Top of Supplied data

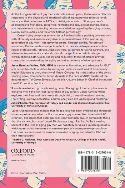 As the first generation of gay men enters its autumn years, these men's responses to the physical and emotional tolls of aging promise to be as revolutionary as their advances in AIDS and civil rights activism. Older gay men's approaches to friendship, caregiving, romantic and sexual relationships, illness, and bereavement is upending conventional wisdom regarding the aging process, LGBTQ communities, and the entire field of gerontology. QUEER AGING comprises scholar Jesus Ramirez-Valles's probing conversations with 11 racially and economically diverse representatives of this pioneering generation of gay men-the gayby boomers. Through candid, first-person narratives, Ramirez-Valles's subjects reflect on their varied experiences as late career professionals, retirees, AIDS survivors, caregivers for ailing partners, and witnesses to profound social and cultural change. Framed within a larger introduction to both Queer Theory and its history, these reflections provide context for understanding the aging arc and experience of older gay men. Spanning sociology, history, cultural studies, and social work, QUEER AGING will be a vital resource for students as well as health professionals who serve the gay community and communities of color.
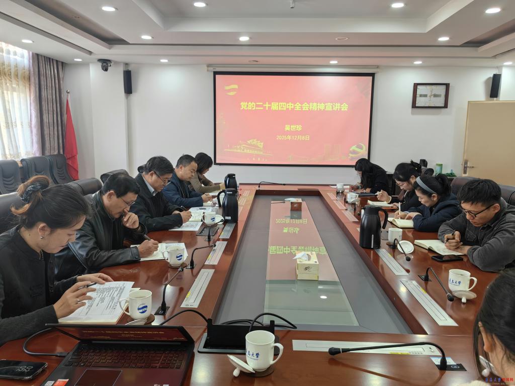 新闻网讯 12月8日下午,校党委常委、宣传部部长吴世珍在办公楼306为党委宣传部全体党员干部宣讲党的二十届四中全会精神。
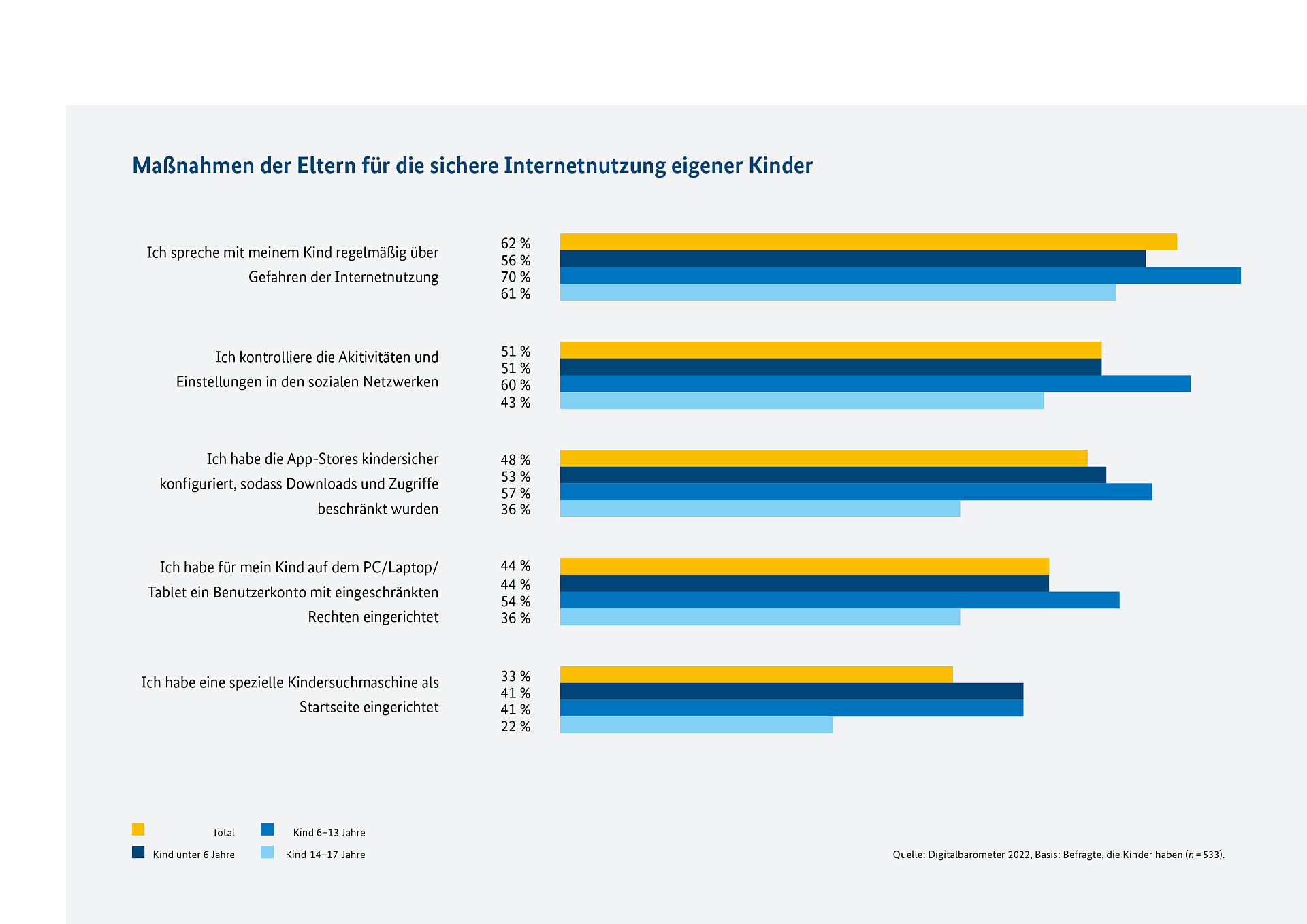 Eine Kernerkenntnis ist, dass weniger als ein Drittel der Eltern ihre Kinder vor dem Kauf internetfähiger Geräte über Cybersicherheitsrisiken aufklärt. Wenn Gespräche über IT-Sicherheit stattfinden, konzentrieren sie sich altersabhängig auf verschiedene Aspekte: Bei jüngeren Kindern (unter 6 Jahren) stehen oft erlaubte Webseiten und Apps im Vordergrund. Mit Kindern zwischen 6 und 17 Jahren werden hingegen am häufigsten über Cybergrooming gesprochen (51% der Eltern bei 6-13-Jährigen; 53% bei 14-17-Jährigen) sowie der Umgang mit unangemessenen Inhalten thematisiert. Technische Schutzmaßnahmen wie das Absichern eigener Accounts oder das Erkennen von Onlinebetrug werden seltener besprochen. Dies betrifft beispielsweise nur 31% der Eltern von 6-13-Jährigen und 41% der Eltern von 14-17-Jährigen, wenn es um das Absichern von Accounts geht.
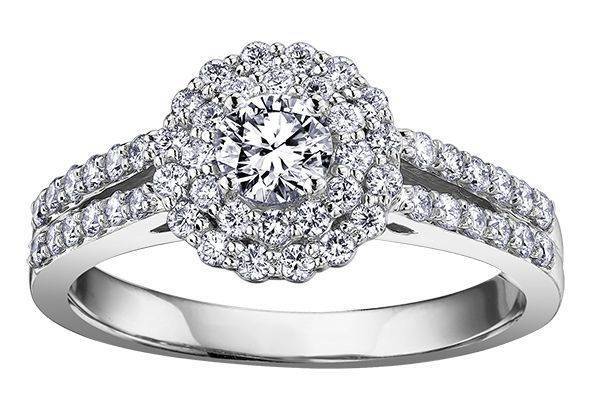 Platinum Two Row Diamond Halo Ring with Split Shoulders

Bottom of Supplied data

#### Exercise brief
The line containing "新闻网讯 12月8日下午,校" marks the end; please output exactly the lines of the listing above from its first line through that line, without pictures.

#### Task output
 As the first generation of gay men enters its autumn years, these men's responses to the physical and emotional tolls of aging promise to be as revolutionary as their advances in AIDS and civil rights activism. Older gay men's approaches to friendship, caregiving, romantic and sexual relationships, illness, and bereavement is upending conventional wisdom regarding the aging process, LGBTQ communities, and the entire field of gerontology. QUEER AGING comprises scholar Jesus Ramirez-Valles's probing conversations with 11 racially and economically diverse representatives of this pioneering generation of gay men-the gayby boomers. Through candid, first-person narratives, Ramirez-Valles's subjects reflect on their varied experiences as late career professionals, retirees, AIDS survivors, caregivers for ailing partners, and witnesses to profound social and cultural change. Framed within a larger introduction to both Queer Theory and its history, these reflections provide context for understanding the aging arc and experience of older gay men. Spanning sociology, history, cultural studies, and social work, QUEER AGING will be a vital resource for students as well as health professionals who serve the gay community and communities of color.
 新闻网讯 12月8日下午,校党委常委、宣传部部长吴世珍在办公楼306为党委宣传部全体党员干部宣讲党的二十届四中全会精神。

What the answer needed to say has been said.